▶ [TASK TO COMPLETE] Write the records out again exactly as they read, dropping any picture they hold.

▶ [MATERIAL FOR THIS TASK]
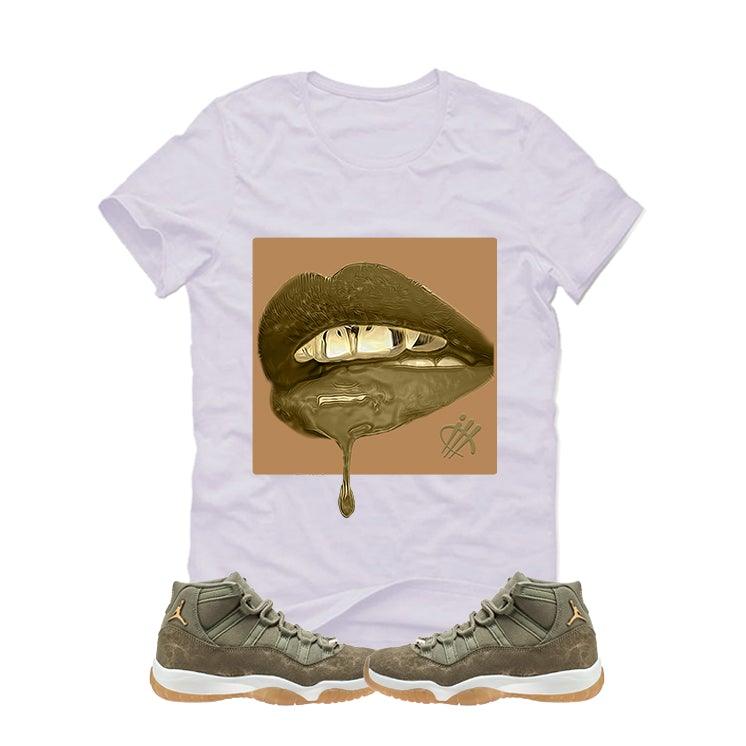 AIR JORDAN 11 “OLIVE LUX” White T (Lipstick) is a premium quality sneakerhead t shirt. It matches with the AIR JORDAN 11 “OLIVE LUX” sneakers.
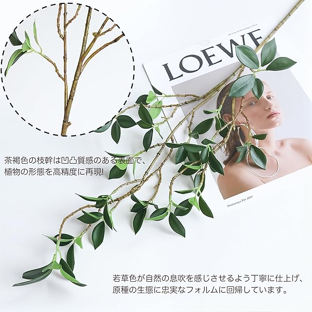 【リアルな美しさ、本物そっくりの質感】職人手作りのフェイクグリーンは、人工観葉植物ならではの繊細な枝ぶりと丸みを帯びた葉が自然の優雅さを再現。大ぶりな枝でインテリアの主役に。光の加減で生まれる陰影までこだわり、造花とは思えない本物そっくりの緑の質感をお楽しみください。
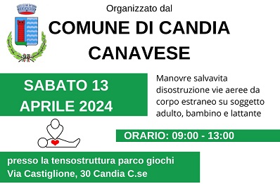 La nostra Amministrazione in collaborazione con CARDIO DAE LIFE, organizza per sabato 13 aprile presso la tensostruttura del parco giochi di via Castiglione, un corso libero a tutti, per la formazione all'uso del defibrillatore.
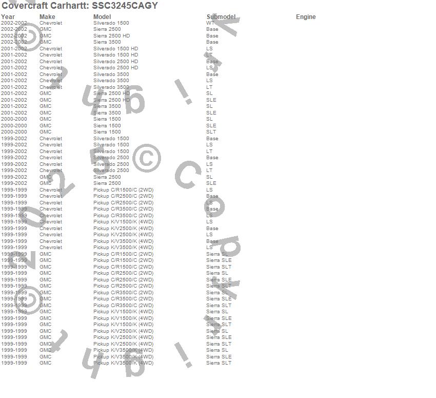 Below is an abbreviated list of applications for the Covercraft Carhartt SeatSaver.C1500 Pickup, C2500 Pickup, C3500 Pickup, K1500 Pickup, K2500 Pickup, K3500 Pickup, Sierra 1500, Sierra 2500, Sierra 2500 HD, Sierra 3500, Silverado 1500, Silverado 1500 HD, Silverado 2500, Silverado 2500 HD, Silverado 3500, Chevrolet, GMC, 2002, 2001, 2000
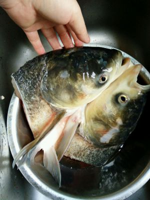 新鲜鱼头一个,菜市场老板娘帮我剁开了,拿回家洗干净就好了,一定要把那层黑膜洗干净!
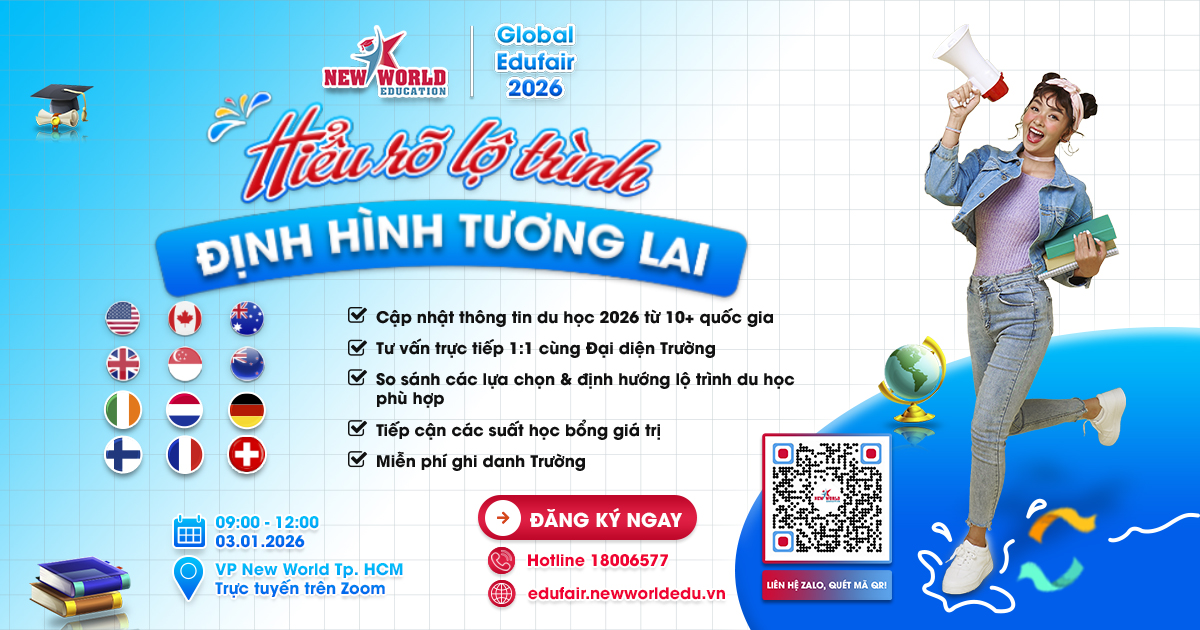 Lưu ý: Chương trình áp dụng có điều kiện & số lượng có hạn. Vui lòng liên hệ chuyên viên tư vấn New World Education để biết thêm chi tiết.

▶ [EXERCISE SOLUTION]
 AIR JORDAN 11 “OLIVE LUX” White T (Lipstick) is a premium quality sneakerhead t shirt. It matches with the AIR JORDAN 11 “OLIVE LUX” sneakers.
 【リアルな美しさ、本物そっくりの質感】職人手作りのフェイクグリーンは、人工観葉植物ならではの繊細な枝ぶりと丸みを帯びた葉が自然の優雅さを再現。大ぶりな枝でインテリアの主役に。光の加減で生まれる陰影までこだわり、造花とは思えない本物そっくりの緑の質感をお楽しみください。
 La nostra Amministrazione in collaborazione con CARDIO DAE LIFE, organizza per sabato 13 aprile presso la tensostruttura del parco giochi di via Castiglione, un corso libero a tutti, per la formazione all'uso del defibrillatore.
 Below is an abbreviated list of applications for the Covercraft Carhartt SeatSaver.C1500 Pickup, C2500 Pickup, C3500 Pickup, K1500 Pickup, K2500 Pickup, K3500 Pickup, Sierra 1500, Sierra 2500, Sierra 2500 HD, Sierra 3500, Silverado 1500, Silverado 1500 HD, Silverado 2500, Silverado 2500 HD, Silverado 3500, Chevrolet, GMC, 2002, 2001, 2000
 新鲜鱼头一个,菜市场老板娘帮我剁开了,拿回家洗干净就好了,一定要把那层黑膜洗干净!
 Lưu ý: Chương trình áp dụng có điều kiện & số lượng có hạn. Vui lòng liên hệ chuyên viên tư vấn New World Education để biết thêm chi tiết.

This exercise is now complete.